YOUR ASSIGNMENT: Your copy should match the records exactly, except that it contains no pictures.

(Dataset excerpts)
┄┄┄┄┄┄┄┄┄┄

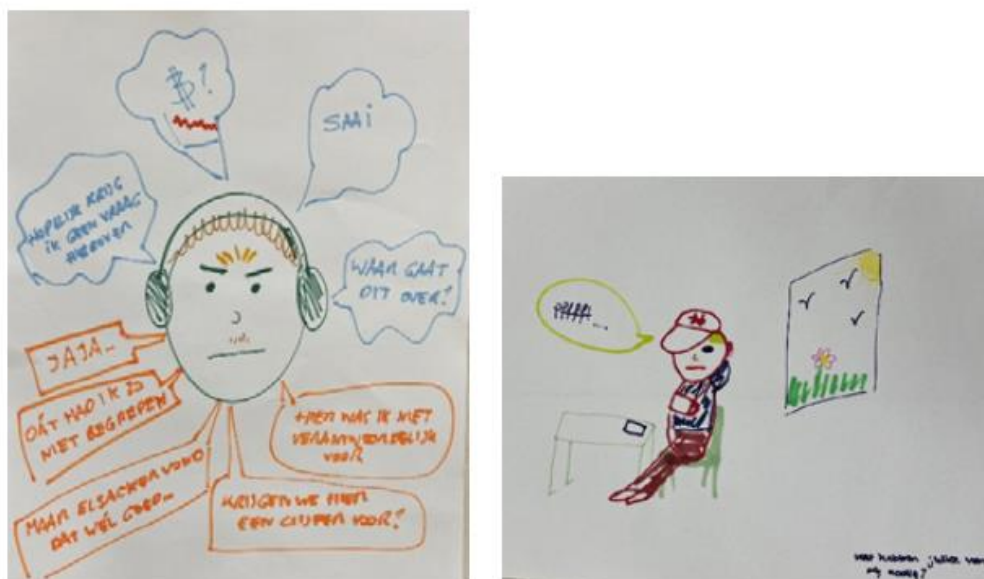
Figuur 1. Voorbeelden van tekeningen van de feedbackverwerker from hell vanuit het docentperspectief

Voorbeelden van tekeningen, afkomstig uit Leenknecht et al., 2025:
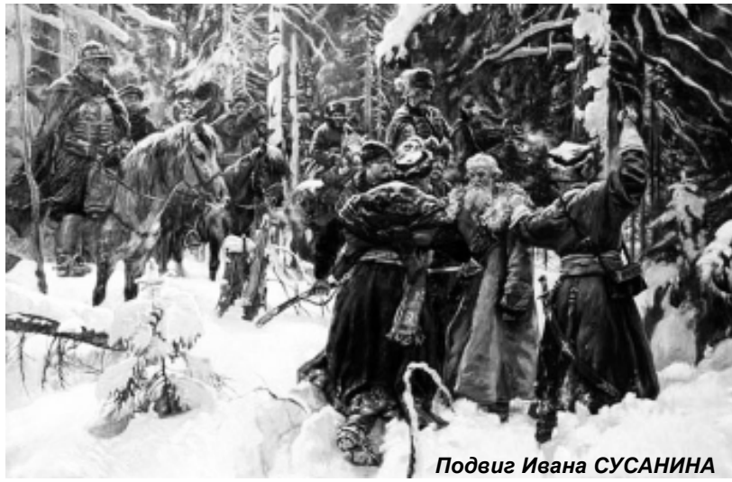
Подвиг Ивана СУСАНИНА

Наконец народное ополчение под командованием Минина и Пожарского осенью 1612 года подошло к Москве, где к нему (опять-таки по настоятельному убеждению А. Палицына) присоединились отряды казаков из остатков первого ополчения под командой Трубецкого. Поляки
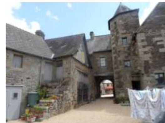
Vue d'ensemble de la cour.
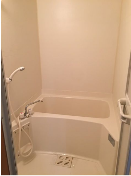
ユニットバスです
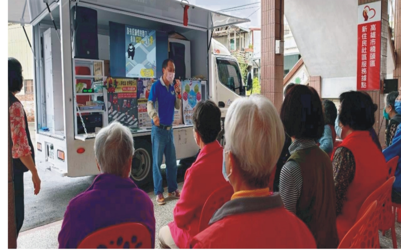
橋頭區筆秀社區-交安宣導
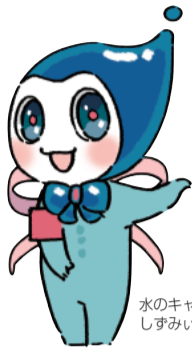
水のキャラクター しずみい
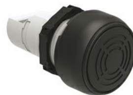
Jednoczęściowy sygnalizator dźwiękowy, sygnał stały lub przerywany LPCZS
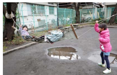
落ちたらびしょ濡れ ↑ スリルたっぷりハンモック
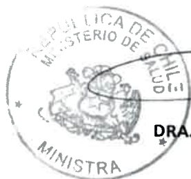
DRA. XIMENA AGUILERA SANHUEZA MINISTRA DE SALUD

Por orden del Presidente de la República
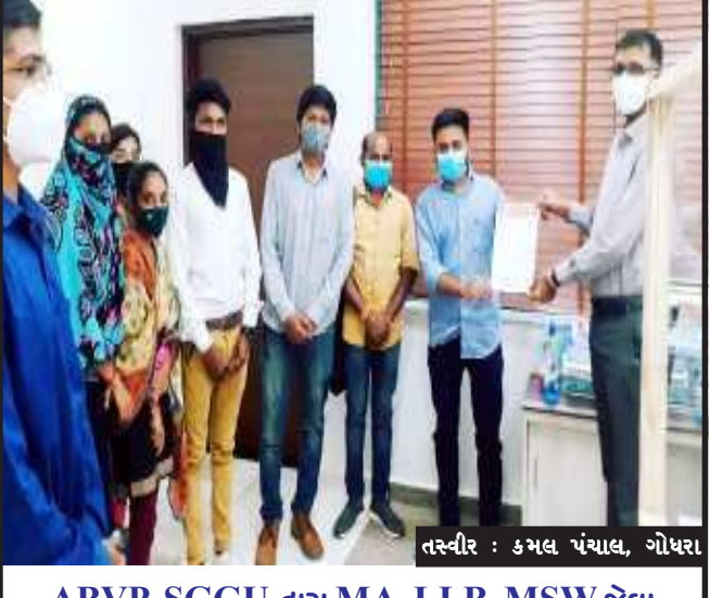
તસ્વીર : કમલ પંચાલ, ગોધરા

વેનાર ખેલાડીઓ, કોચ, ટ્રેનરોને દોડ બાદ લીલુ પાણી અને નાસ્તાની પણ દરમિયાન જિલ્લા પોલીસ વિભાગ દ્વારા પોલીસ બંદોબસ્ત, ટ્રાફિક વાન અને પાયલોટીંગ વાનની પણ વ્યવસ્થા કરવામાં આવી હતી. આ દોડમાં ભાગ
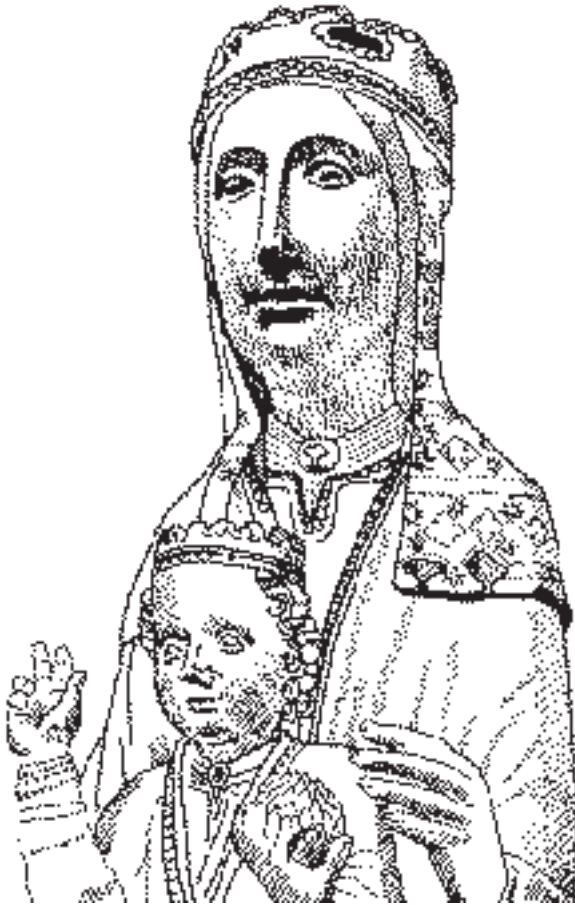
La Moreneta, la Vierge noire de Montserrat, pourrait-elle faire pleuvoir ? Dessin de Claire Brenot.

delà, des communautés autonomes d'Andalousie et de Castille-La Manche. Résultat des opérations : une cacophonie politico-hydrologique et un coûteux approvisionnement depuis Marseille par bateau. Retour sur images.
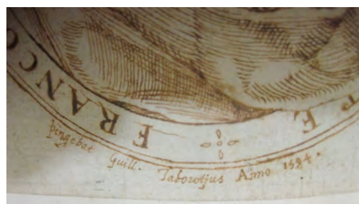
Fig. 2. Dessin à l'encre figurant Jean-Antoine de Baïf, signature autographe de Guillaume Tabourot, 1594. Copie d'un portrait gravé et détail de la signature. France, collection particulière.
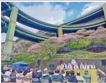
▲河津ループ円形劇場「伊豆の踊子」スペシャル版
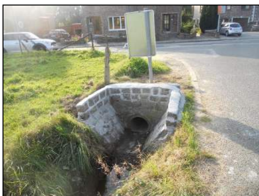
Nouvelle tête d'aqueduc

Le fossé existant a été entièrement curé par la Brigade Prévention Inondations (novembre 2013) et une tête d'aqueduc a été réalisée (septembre 2014) à l'amont du passage sous voirie. Il est envisagé d'y placer des redents afin de ralentir l'écoulement des eaux (en 2017).
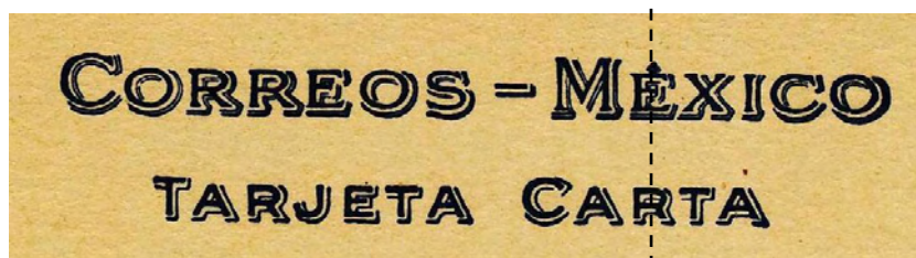
Fig. 663.- Encabezado de las tarjetas-carta de 1923.

En estas tarjetas-carta la “E” de la palabra “MEXICANO” normalmente recae sobre la “R” de “CARTA” (ver Fig. 663) aunque existen ejemplares de TC33 en los que recae entre el espacio que existe entre las letras “A” y “R” de “CARTA”.
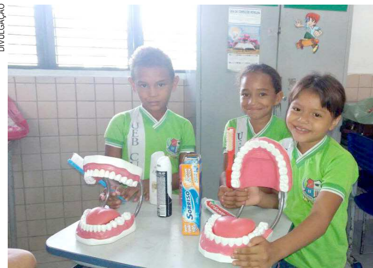
Crianças aprendem sobre a importância da higiene pessoal no dia a dia
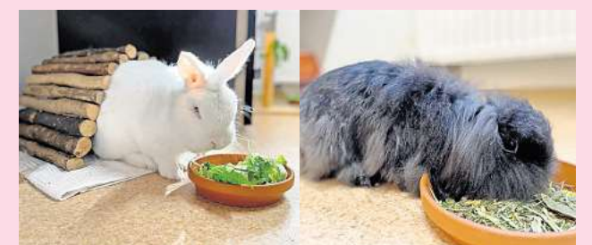
Wit und Friday.

Tierschutzverein Barsinghausen und Umgebung Ludwig-Jahn-Straße 11a 30890 Barsinghausen Telefon (05105) 7736777
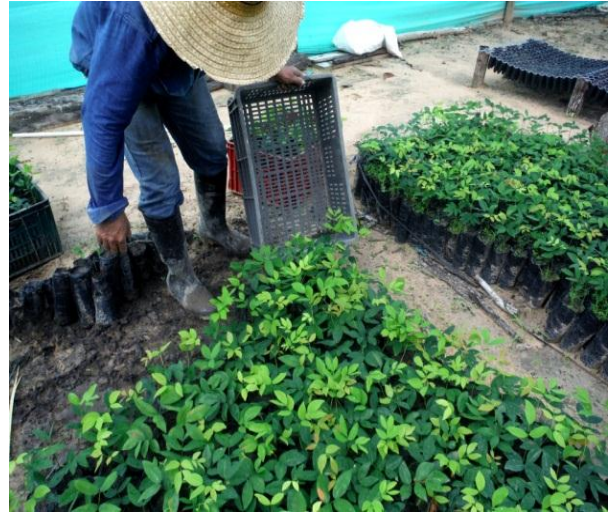
Plántulas de Aceite en el vivero de La Pedregoza

Presiones: Copaifera pubiflora , al igual que otras especies de árboles nativos valiosos, ha sufrido de la tala sin plantarlo de nuevo. Debido a su exquisita corteza amarilla, se han plantado algunos en áreas urbanas como árbol ornamental, pero las únicas siembras de Aceite en el Vichada son los que han tenido lugar en La Pedregoza , como parte del Proyecto Vida Silvestre , financiado por Ecopetrol y coordinado por WCS Colombia. Sigue existiendo la tala de árboles de bosques naturales debido a su fina madera, la cual se usa para hacer muebles y artesanías. Usar Aceite por su aceite parece ser una buena razón para promover su cultivo y esto podría ayudar a largo plazo al reducir la presión sobre la especie.

┄┄┄┄┄┄┄┄┄┄

RESULT BELOW:
Figuur 1. Voorbeelden van tekeningen van de feedbackverwerker from hell vanuit het docentperspectief

Voorbeelden van tekeningen, afkomstig uit Leenknecht et al., 2025:
Подвиг Ивана СУСАНИНА

Наконец народное ополчение под командованием Минина и Пожарского осенью 1612 года подошло к Москве, где к нему (опять-таки по настоятельному убеждению А. Палицына) присоединились отряды казаков из остатков первого ополчения под командой Трубецкого. Поляки
Vue d'ensemble de la cour.
ユニットバスです
橋頭區筆秀社區-交安宣導
水のキャラクター しずみい
Jednoczęściowy sygnalizator dźwiękowy, sygnał stały lub przerywany LPCZS
落ちたらびしょ濡れ ↑ スリルたっぷりハンモック
DRA. XIMENA AGUILERA SANHUEZA MINISTRA DE SALUD

Por orden del Presidente de la República
તસ્વીર : કમલ પંચાલ, ગોધરા

વેનાર ખેલાડીઓ, કોચ, ટ્રેનરોને દોડ બાદ લીલુ પાણી અને નાસ્તાની પણ દરમિયાન જિલ્લા પોલીસ વિભાગ દ્વારા પોલીસ બંદોબસ્ત, ટ્રાફિક વાન અને પાયલોટીંગ વાનની પણ વ્યવસ્થા કરવામાં આવી હતી. આ દોડમાં ભાગ
La Moreneta, la Vierge noire de Montserrat, pourrait-elle faire pleuvoir ? Dessin de Claire Brenot.

delà, des communautés autonomes d'Andalousie et de Castille-La Manche. Résultat des opérations : une cacophonie politico-hydrologique et un coûteux approvisionnement depuis Marseille par bateau. Retour sur images.
Fig. 2. Dessin à l'encre figurant Jean-Antoine de Baïf, signature autographe de Guillaume Tabourot, 1594. Copie d'un portrait gravé et détail de la signature. France, collection particulière.
▲河津ループ円形劇場「伊豆の踊子」スペシャル版
Nouvelle tête d'aqueduc

Le fossé existant a été entièrement curé par la Brigade Prévention Inondations (novembre 2013) et une tête d'aqueduc a été réalisée (septembre 2014) à l'amont du passage sous voirie. Il est envisagé d'y placer des redents afin de ralentir l'écoulement des eaux (en 2017).
Fig. 663.- Encabezado de las tarjetas-carta de 1923.

En estas tarjetas-carta la “E” de la palabra “MEXICANO” normalmente recae sobre la “R” de “CARTA” (ver Fig. 663) aunque existen ejemplares de TC33 en los que recae entre el espacio que existe entre las letras “A” y “R” de “CARTA”.
Crianças aprendem sobre a importância da higiene pessoal no dia a dia
Wit und Friday.

Tierschutzverein Barsinghausen und Umgebung Ludwig-Jahn-Straße 11a 30890 Barsinghausen Telefon (05105) 7736777
Plántulas de Aceite en el vivero de La Pedregoza

Presiones: Copaifera pubiflora , al igual que otras especies de árboles nativos valiosos, ha sufrido de la tala sin plantarlo de nuevo. Debido a su exquisita corteza amarilla, se han plantado algunos en áreas urbanas como árbol ornamental, pero las únicas siembras de Aceite en el Vichada son los que han tenido lugar en La Pedregoza , como parte del Proyecto Vida Silvestre , financiado por Ecopetrol y coordinado por WCS Colombia. Sigue existiendo la tala de árboles de bosques naturales debido a su fina madera, la cual se usa para hacer muebles y artesanías. Usar Aceite por su aceite parece ser una buena razón para promover su cultivo y esto podría ayudar a largo plazo al reducir la presión sobre la especie.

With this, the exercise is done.